Details of ministerial and permanent secretary meetings with external organisations on departmental business are published on a quarterly basis and are available at:

https://www.gov.uk/government/collections/hmt-ministers-meetings-hospitality-gifts-and-overseas-travel


Written Question
Soft Drinks: Taxation
Wednesday 20th April 2016

Asked by: Iain Stewart (Conservative - Milton Keynes South)

Question to the HM Treasury:

To ask Mr Chancellor of the Exchequer, what information his Department holds on which other European countries have introduced a soft drinks industry levy in the last five years; and what research the Government has commissioned or undertaken on the effects of such levies on levels of obesity.

Answered by Damian Hinds - Minister of State (Education)

Other European countries have introduced a soft drinks tax in recent years.
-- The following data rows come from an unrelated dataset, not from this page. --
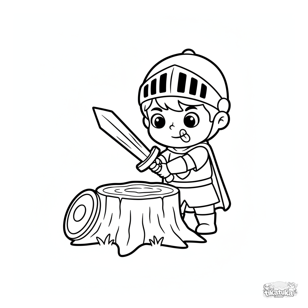 Ausmalbild eines jungen Ritters, der mit einem Holzschwert an einem Baumstumpf übt. Für Kleinkinder von 3 bis 5 Jahren.
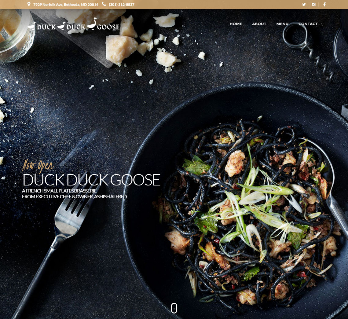 Duck Duck Goose, a brand new concept from the Alfred Restaurant Group was aiming to make a splash in the downtown Bethesda food scene. As such, the owners wanted an elegant, clean and accessible site that reflected their venue and food. Meridian worked closely with their staff throughout the restaurant's build-out to ensure that the site was a cohesive marketing extension of their brand.
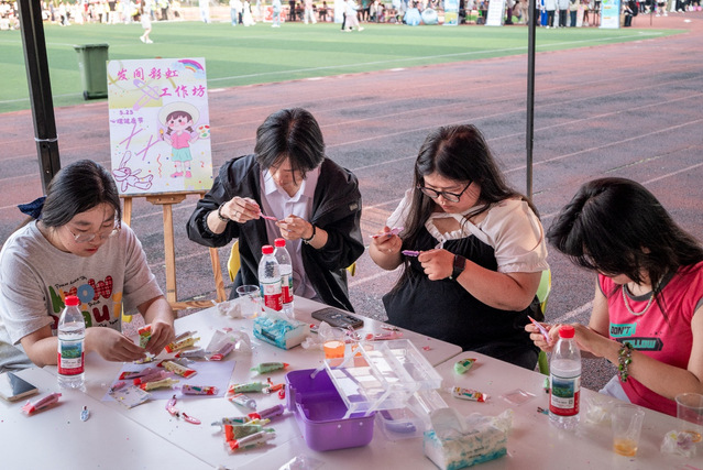 “发间彩虹工作坊”提供奶油胶、基础发卡及各种正能量符号配饰。同学们自由设计制作个性化发卡,将美好寓意融入创作中。完成后,许多人选择佩戴或赠送给朋友,传递温暖与祝福。手工制作的过程不仅缓解了压力,还增强了自我认同感。
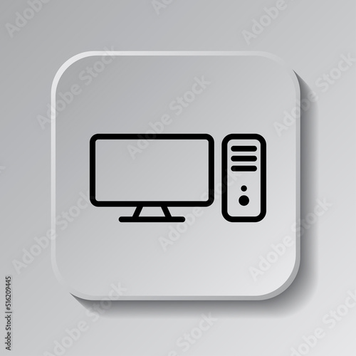 PC simple icon vector. Flat design. Black icon on square button with shadow. Grey background.ai
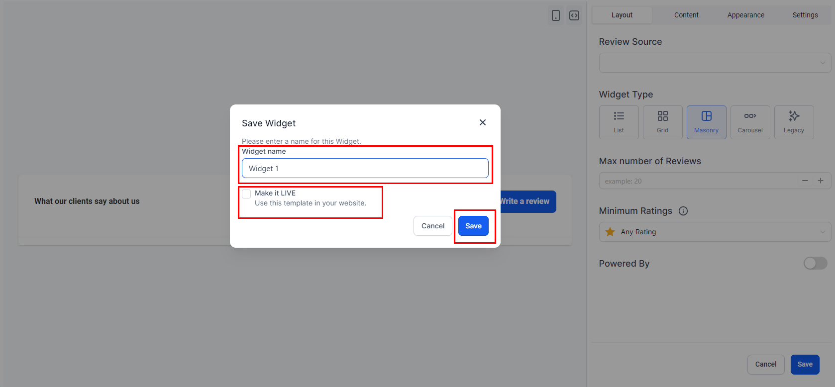 Layout: Choose your preferred widget type, select the review sources (e.g., Google My Business or Facebook), set a maximum review display limit, and decide if you want to show a "Powered by" message.
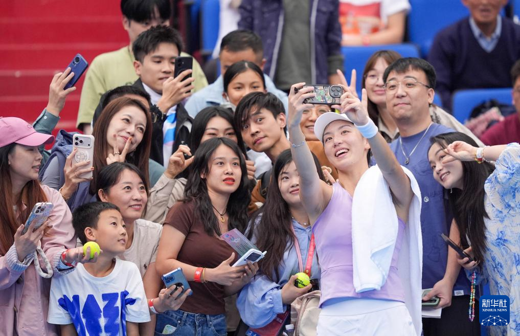11月14日,广东队选手王欣瑜(前)在比赛结束后与观众合影。她2比0战胜福建队选手王育萍,晋级下一轮。
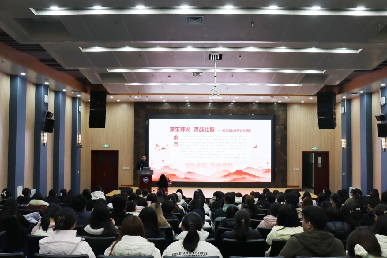 以专家讲座小故事传递精神伟力大能量。外国语学院党委积极整合馆校优质资源,邀请秦皇岛市玻璃博物馆副馆长陈厉辞以滦东抗战与英烈人物为题讲座。讲座中,陈馆长聚焦滦东抗战核心历史,生动解读冀东抗日根据地斗争故事,深情讲述革命英雄的热血事迹。通过大量的史实资料,引导学生从英烈事迹中汲取精神养分,进一步厚植爱国情怀,传承红色基因。讲座现场,学生们认真记录、踊跃提问,李同学激动地说“第一次知道秦皇岛有这么多本土英烈,他们的故事比课本更动人,也让我明白爱国不是口号,而是做好每一件小事的责任。”
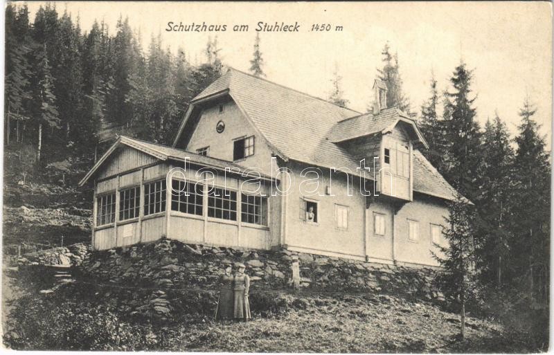 Beschreibung: Spital am Semmering (Steiermark), Schutzhaus am Stuhleck / chalet, shelter, mountain house. Aufn. v. Hof- u. Kammerphotographen Franz Jos. Böhm (EK)
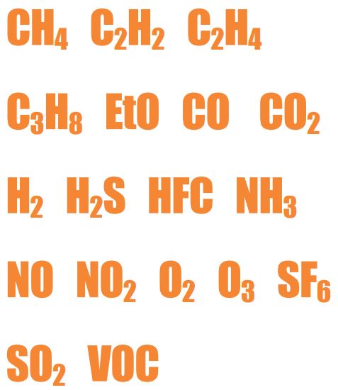 Ammoniak Acetylen Butan Koldioxid Kolmonoxid Klor Etanol Eten Etylenoxid Halokarboner Väte Vätesulfid Metan Kväveoxid Kvävedioxid Lustgas Syre Ozon Propan Svaveldioxid Svavelhexafluorid Flyktig organisk förening
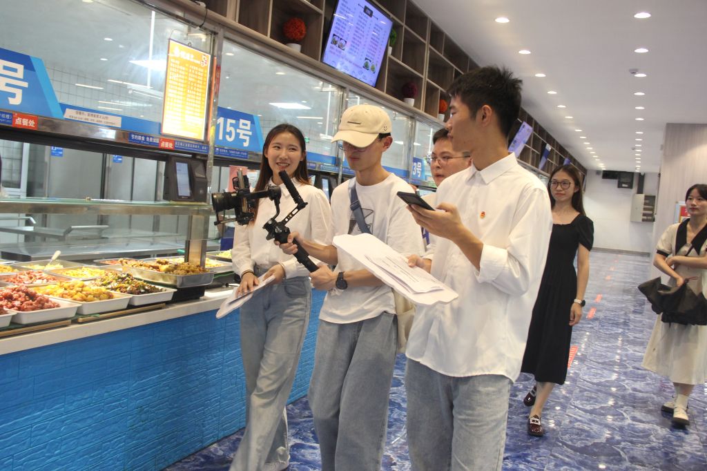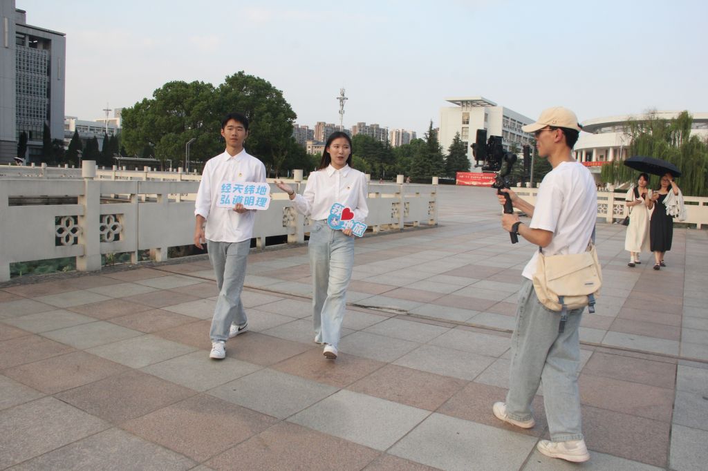 “现在我们所在的位置是学校东大门和敬文图书馆的连接轴线上,大家可以看到‘厚德 重教 博学 笃行’八个大字,这就是我们师大的校训。”2021级地理科学专业蔡子坤和2021级旅游管理专业张新悦“变身”主播带领新生由学校东大门开始游览校园。

For example, Hungary in 2011 and France in 2012.

These taxes however are not identical in design to the new soft drinks industry levy the Chancellor announced at Budget 2016. The levy is a lever to encourage producer-led reformulation.

The Chief Medical Officer has said that reformulation is a key win for tackling obesity and soft drinks are the single largest source of sugar intake for children and teenagers.

This levy will be an important part of the government’s comprehensive childhood obesity strategy.


Written Question
Non-domestic Rates
Tuesday 27th October 2015

Asked by: Iain Stewart (Conservative - Milton Keynes South)

Question to the HM Treasury:

To ask Mr Chancellor of the Exchequer, what plans he has to allow local authorities to retain business rate revenues.

Answered by David Gauke

The Chancellor set out a radical devolution reform package for local government in his conference speech. This included plans to allow local government to retain 100 per cent of revenue from business rates to spend on local services, as well as giving local authorities the power to lower business rates to boost growth and support jobs.


While there will still be redistribution between Local Authorities to ensure those with a lower tax base do not lose out, local areas will be able to keep all local growth in their business rates.